How huge? 50, 100? Even between 100 and 200.
Soldiers and border police officers? Yes, and border police officers, each with his own role. So it really begins with briefings and instructions. We come in through Shoter [checkpoint) and operate 28 any possible resistance from the Shoter square, which is a center of riots in general.
[So] the moment you cross the checkpoint onto the Palestinian side, the riot immediately begins? Yes, it immediately begins, the border police officers shoot the [tear] gas, all the tear gas and stun grenades and stuff. And we start to sterilize the whole road.
That’s before it begins, before the visitors arrive? Before, yes, a few hours before. A few hours before because now it’s a procedure of everything that needs to be done: You have to tell everyone to close all their businesses, get to their cars and drive them all away, even if it’s just parked next to somebody’s house. I don’t know how to do that, [but] I do know how you tell someone to close their shop.
How do you tell someone to close their shop? You tell him: get into the car, drive away and close your shop by a certain time.
How does this bloc of 100 to 200 soldiers advance? As one bloc? There are already armed vehicles blocking the road, and then a force comes in and operates the ordeal of closing of the shops and moving of the cars, and they simply create "sleeves," a sleeve around the entire route. in every alley, every place, there are two soldiers making eye contact with another two soldiers.
That’s called a sleeve? A sleeve. A sleeve is when one or two soldiers make constant eye contact with the soldiers in front of and behind them, and actually close down the entire road, which is a commercial route and whatnot, and they stand in every alley so that no one will penetrate. And that’s it, this road is basically closed, this street, for the entire afternoon so that people can enter the tomb, and there are many groups that enter.
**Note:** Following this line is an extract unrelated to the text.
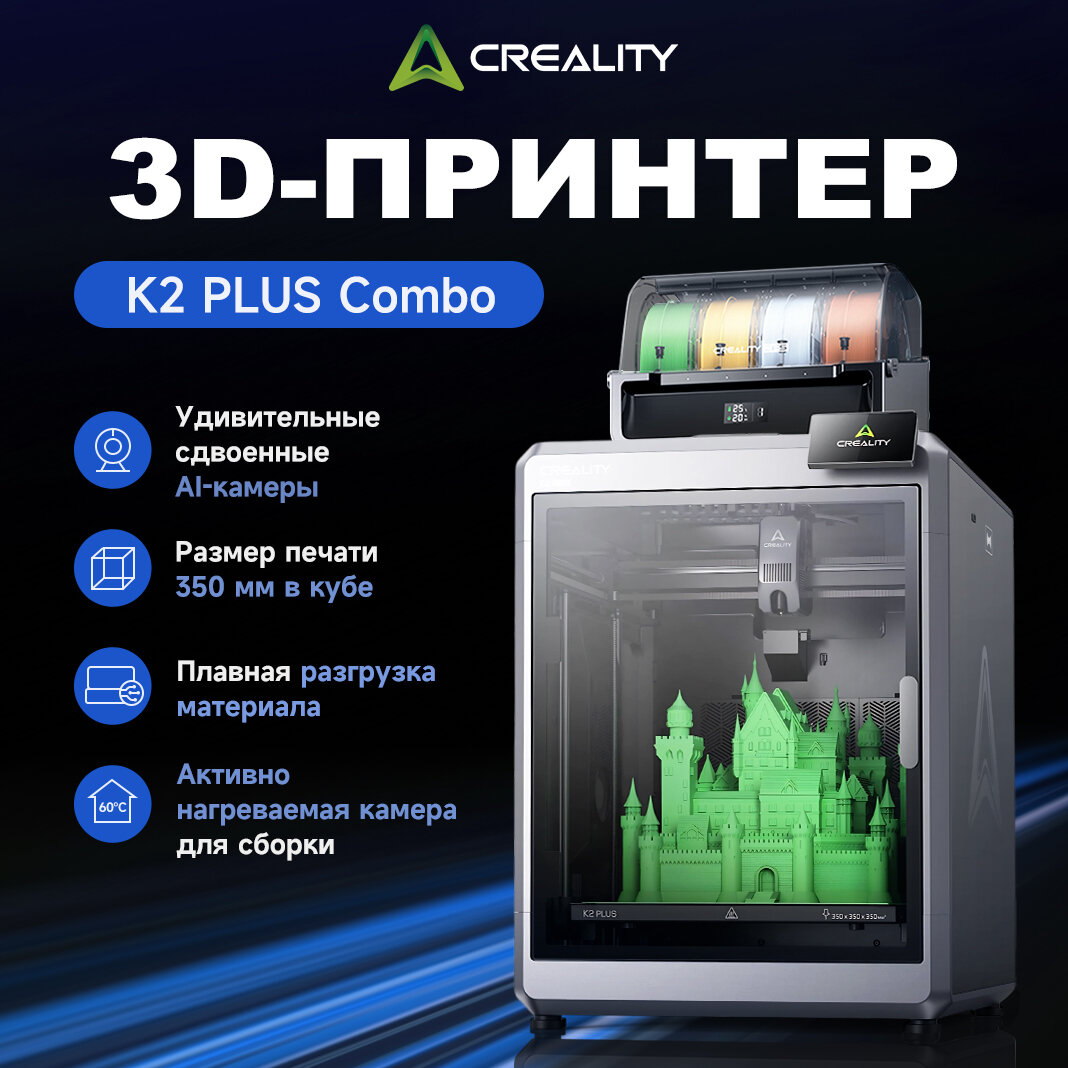 Купить 3д принтер Creality K2 Plus Combo, 16 цветов, AI-камера, 350×350×350 мм, для профессионалов, 3D принтер с доставкой по всей России.

And they walk by foot? Yes, they walk by foot from Shoter to the tomb. It’s around a 700 or 800 meter walk.
And the moment the visitors arrive, whoever arrives, what happens? Something simply happens? No, nothing. No friction. No friction because it’s all sterile.
Can you estimate the amount of shops in those 700 to 800 meters? I don’t know. It’s not all shops, it’s also apartments, it’s a central route. It was once the main road that led to Be’er Sheva, if I’m not mistaken. There were a lot of vehicles when we were there.